人間の弱さ「有限」を実感/結婚情報業で明確なデータ

 3月11日の東日本大震災が、日本人に様様な意識の変化のをもたらしたことが指摘される。中でも一人で逞しく生きてきたと思っていたキャリアウーマンが、人との繋がりの大切さを痛感させたことが伝えられている。

 著名な雑誌にコラムを定期執筆しているある女性識者は、この日、茨城県水戸市で講演を終え、東京行きの新幹線を水戸駅のホームで待っていた時に地震に遭遇。その時の体験を同コラムに書いていたが、余りの揺れの激しさに、思わず横に立っていた初老の男性の腕にすがり付き、その人に手を引っ張られながら階段を降り避難することができたという。

 ひどく孤独にさいなまれ自分を失いかけていた時、バスの運転手に「東京からきたのか?」と声をかけられ、タクシーを捕まえやすい大通りまで連れて行ってもらうことができた。そこで、ようやくタクシーを拾え、目指す目的地に到着するまで、長い時間が経過したものの、その間、タクシーの運転手が、色々と話しかけてくれたおかげで次第に元気を取り戻した。バスやタクシーの運転手の話しかけてくる声を通し、限界状況で人間がいかに人の声によって勇気を与えられるかを実感した、と述べている。

 この手記のようなコラムには、この女性の夫や子供のことが全く出てこないことから、おそらく独身のキャリアウーマンだろう。この震災体験が、男性と長らく付き合いながらも、なかなか結婚へと踏み切れなかった多くの女性たちに結婚へと背中を押しているのだ。

 結婚相談所などの様々なデータをもとに、取材した女性たちにスポットを当てながら、3・11という「有事」を経験した多くの女性が、いかに従来の結婚に対する意識を変えたかを論じた新書『震災婚ー震災で生き方を変えた女たち/ライフスタイル・消費・働き方』(白河桃子著)は、その模様を軽快なタッチで描いている。

 全国で最大の会員数を誇る結婚情報サービス大手では、今年3月、会員同士が結婚に漕ぎ付け退会する「成婚退会者」の数が、昨年同期の数より約20%増加。首都圏女性に限れば、63%を超え、首都圏男性も44%の増加した。4月も同様に急増し、首都圏女性では57.1%の増加で、首都圏男性は60.0%も増加している。

 「何かが起きているとしか言いようがない」と、結婚情報カウンセラーは述べ、著者は「何かを起こしたのは東日本人大震災だ」と指摘。同結婚情報サービス大手の広報担当者は「交際から結婚に至るまでの期間も以前より短縮している」と分析する。

 つまり、著者は、今まで通りの平穏な日が続くと思い、交際しつつも結婚を先延ばししてきたカップルを、東日本大震災が結婚へ後押ししたと見ている。取り分け「産む性」である女性たちは、首都圏のような間接的な被災地でも「生命の危機」や「有限」であることを感じ取り、「やり残したこと、結婚、出産をしたい」との意識に転じた、との見解に立つ。

 冒頭の女性識者の話ではないが、独身のキャリアウーマンは、今回の震災で、家族を持つ人たちが真っ先に家族と連絡を取ろうとするのを見て、家族の重要性を実感したとされる。

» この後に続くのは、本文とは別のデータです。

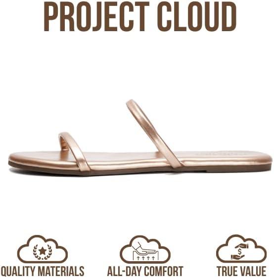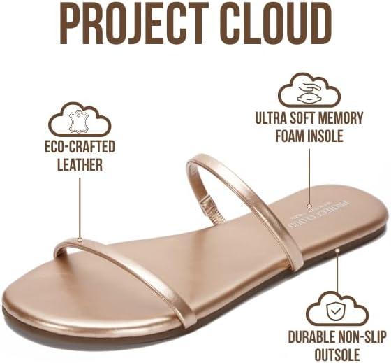 Project Cloud Summer Sandals for Women 2025 – Memory Foam Insole and Vegan Leather Beach Flip Flops for Women – Non Slip and Lightweight Double Strap Womens Sandals (Transition)(Rose Gold)

  読売新聞の女性向けサイト「大手小町」(3月18日付)には、「周りの既婚者の方は、普段とは違う夫・妻・父・母の口調で家族と電話で話している様子が聞こえ、無事でよかったですねと安心する一方、(私には心配して電話をくれる配偶者も、慌てて電話をかける彼もいないんだ…)と痛感しました」(29歳、独身女性)との投稿が寄せられた。

グラフ

 また、著者は、一人暮らしの多い首都圏の女性たちから、「一人で瓦礫に埋もれたら誰も助けてくれない」という言葉を何回も聞いたと述べている。

 震災直後の混乱で、会社での仕事の時間が減少し、ゆっくり自宅で夫婦で過ごす時間が増すなかで、何年もすれ違いだった夫婦生活に転機が訪れ、赤ちゃんを授かったカップルも少なくないようだ。

 もちろん、震災を契機に「自分の事を真っ先に考えてくれなかった」という点が原因で分かれたカップルもあれば、不倫にけじめを付けた夫婦もあるという。いずれにせよ、大震災だという有事に直面する中で、婚期を迎えている未婚の男女は、結婚というそれまで曖昧にしていた人生の本質的な課題への対処を余儀なくされたといえる。

  今後、「いつ何が起こるか分からない」という意識から、男性の収入を第一のバロメーターにする「損得」婚から、結婚に家族との絆を最重視する「絆」婚に変わる可能性を著者は強調している。

 女性の年収がアップするなか、自分より収入のよい男性を見つけるという理想の結婚は狭き門となっているが、 そうした巡り合せを待ち続けられるのは、そのための時間がいくらでもあるという考え方が基本にある。しかし、東日本大震災で時間は有限であり、「いつ何が起こるか分からない」という強い印象を女性たちに与えた。

  そうした可能性の少ない結婚を待ち続けるより、震災時に感じた「一人でいることの不安」、人間の弱さ・もろさにさいなまれないように、家族の絆を求めての結婚志向に変わっていくと見られる。

  これまで女性たちは、男女共同参画社会の目的を履き違え、自分だけでしっかり生きていけるキャリアを磨くべきであり、結婚して家庭に入り、専業主婦となるのは望ましくないとするフェミニストの影響を受けてきた。こうした風潮のなかで、女性の初婚年齢は一貫して遅れてきたのだった。

 これに伴い、結婚した女性の初産年齢も限りなく30歳に近づいている。初産年齢が高くなれば、必然的に産める子供の数も減少してくる。こうして社会における少子高齢化が一気に進んできたのが1990年代から2000年代にかけての動きであった。

 加えて、例え夫と離婚しても大丈夫なように、キャリアを磨いておくべきだとの議論まで登場。こうした考え方の延長で、女性は生涯独身でも、離婚しても、また配偶者と死別するケースでも女性の方が後に残されることが多いとして、その備えを気ままに論じた『おひとりさまの老後』というフェミニスト学者による著書がもてはやされた。

  今回の震災は、そうした議論が浅薄であることを示すとともに、「結婚まで性的交渉を持たず、結婚後は夫婦で貞操を守る」というスタイルこそが、本当の幸せをもたらし、目指すべき方向であることを明確にしつつあると言えよう。